▶ [The task]:
From the line containing "Libur nasional adalah" down to the line containing "桌子能靠牆時相對簡單,顯示屏" in the records below, reproduce every line exactly, ends included, and omit all others.

▶ [Records for the task]:
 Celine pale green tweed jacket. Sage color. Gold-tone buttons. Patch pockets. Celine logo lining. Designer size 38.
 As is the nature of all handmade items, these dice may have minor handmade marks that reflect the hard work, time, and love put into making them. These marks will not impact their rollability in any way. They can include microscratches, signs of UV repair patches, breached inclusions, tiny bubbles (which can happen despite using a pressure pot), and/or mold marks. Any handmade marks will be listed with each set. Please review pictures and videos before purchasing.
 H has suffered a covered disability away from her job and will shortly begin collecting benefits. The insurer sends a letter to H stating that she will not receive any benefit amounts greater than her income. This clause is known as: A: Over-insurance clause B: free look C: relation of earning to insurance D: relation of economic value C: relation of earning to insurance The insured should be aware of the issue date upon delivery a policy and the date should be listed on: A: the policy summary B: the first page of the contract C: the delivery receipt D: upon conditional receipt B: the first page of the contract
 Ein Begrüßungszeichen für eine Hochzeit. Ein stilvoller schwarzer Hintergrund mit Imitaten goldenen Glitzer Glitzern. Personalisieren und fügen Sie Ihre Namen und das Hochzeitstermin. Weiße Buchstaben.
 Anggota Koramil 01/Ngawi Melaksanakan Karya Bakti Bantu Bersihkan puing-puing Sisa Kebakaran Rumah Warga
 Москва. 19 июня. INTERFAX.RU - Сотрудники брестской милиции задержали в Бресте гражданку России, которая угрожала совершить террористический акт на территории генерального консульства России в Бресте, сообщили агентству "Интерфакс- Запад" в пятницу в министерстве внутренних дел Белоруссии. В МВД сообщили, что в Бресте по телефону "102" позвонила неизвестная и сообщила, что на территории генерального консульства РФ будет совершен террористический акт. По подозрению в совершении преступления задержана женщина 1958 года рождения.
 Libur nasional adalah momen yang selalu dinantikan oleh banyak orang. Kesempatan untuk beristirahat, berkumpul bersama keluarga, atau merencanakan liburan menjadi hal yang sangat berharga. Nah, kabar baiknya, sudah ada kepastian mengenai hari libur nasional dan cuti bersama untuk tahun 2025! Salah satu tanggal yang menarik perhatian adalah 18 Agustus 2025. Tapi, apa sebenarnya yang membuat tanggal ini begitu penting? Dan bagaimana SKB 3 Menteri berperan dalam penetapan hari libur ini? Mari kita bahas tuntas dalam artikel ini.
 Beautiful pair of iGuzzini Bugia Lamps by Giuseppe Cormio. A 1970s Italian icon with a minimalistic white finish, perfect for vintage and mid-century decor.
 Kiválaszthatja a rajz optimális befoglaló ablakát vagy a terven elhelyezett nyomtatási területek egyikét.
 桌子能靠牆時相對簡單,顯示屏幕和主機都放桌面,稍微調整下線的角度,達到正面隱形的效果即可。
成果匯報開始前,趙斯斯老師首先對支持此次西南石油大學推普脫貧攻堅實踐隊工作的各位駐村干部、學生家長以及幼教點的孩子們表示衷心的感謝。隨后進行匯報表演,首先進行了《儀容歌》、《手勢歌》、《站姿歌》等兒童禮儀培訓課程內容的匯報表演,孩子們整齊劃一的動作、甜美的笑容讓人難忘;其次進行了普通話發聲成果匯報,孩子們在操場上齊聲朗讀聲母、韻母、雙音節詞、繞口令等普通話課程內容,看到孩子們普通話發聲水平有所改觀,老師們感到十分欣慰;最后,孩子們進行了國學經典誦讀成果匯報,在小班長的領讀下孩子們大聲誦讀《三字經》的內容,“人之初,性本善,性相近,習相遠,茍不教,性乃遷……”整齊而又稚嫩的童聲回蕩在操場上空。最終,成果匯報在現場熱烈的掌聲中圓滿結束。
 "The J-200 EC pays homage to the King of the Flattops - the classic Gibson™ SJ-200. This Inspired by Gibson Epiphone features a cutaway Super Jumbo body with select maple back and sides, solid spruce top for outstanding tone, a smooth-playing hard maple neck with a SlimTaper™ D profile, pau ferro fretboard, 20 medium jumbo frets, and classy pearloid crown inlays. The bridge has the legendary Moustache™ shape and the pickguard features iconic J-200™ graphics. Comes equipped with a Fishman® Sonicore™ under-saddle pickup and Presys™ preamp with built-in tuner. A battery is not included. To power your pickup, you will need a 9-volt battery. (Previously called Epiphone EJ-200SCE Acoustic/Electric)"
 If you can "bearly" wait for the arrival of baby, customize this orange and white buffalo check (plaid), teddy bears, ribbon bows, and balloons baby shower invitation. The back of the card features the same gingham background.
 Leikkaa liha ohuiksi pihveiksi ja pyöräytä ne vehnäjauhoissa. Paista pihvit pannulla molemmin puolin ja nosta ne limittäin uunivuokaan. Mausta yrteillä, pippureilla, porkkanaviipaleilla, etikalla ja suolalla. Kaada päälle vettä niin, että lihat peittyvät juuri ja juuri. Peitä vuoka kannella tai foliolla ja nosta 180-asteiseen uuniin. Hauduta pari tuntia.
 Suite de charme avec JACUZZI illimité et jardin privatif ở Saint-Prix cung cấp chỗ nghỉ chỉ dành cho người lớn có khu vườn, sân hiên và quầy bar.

▶ [Response]:
 Libur nasional adalah momen yang selalu dinantikan oleh banyak orang. Kesempatan untuk beristirahat, berkumpul bersama keluarga, atau merencanakan liburan menjadi hal yang sangat berharga. Nah, kabar baiknya, sudah ada kepastian mengenai hari libur nasional dan cuti bersama untuk tahun 2025! Salah satu tanggal yang menarik perhatian adalah 18 Agustus 2025. Tapi, apa sebenarnya yang membuat tanggal ini begitu penting? Dan bagaimana SKB 3 Menteri berperan dalam penetapan hari libur ini? Mari kita bahas tuntas dalam artikel ini.
 Beautiful pair of iGuzzini Bugia Lamps by Giuseppe Cormio. A 1970s Italian icon with a minimalistic white finish, perfect for vintage and mid-century decor.
 Kiválaszthatja a rajz optimális befoglaló ablakát vagy a terven elhelyezett nyomtatási területek egyikét.
 桌子能靠牆時相對簡單,顯示屏幕和主機都放桌面,稍微調整下線的角度,達到正面隱形的效果即可。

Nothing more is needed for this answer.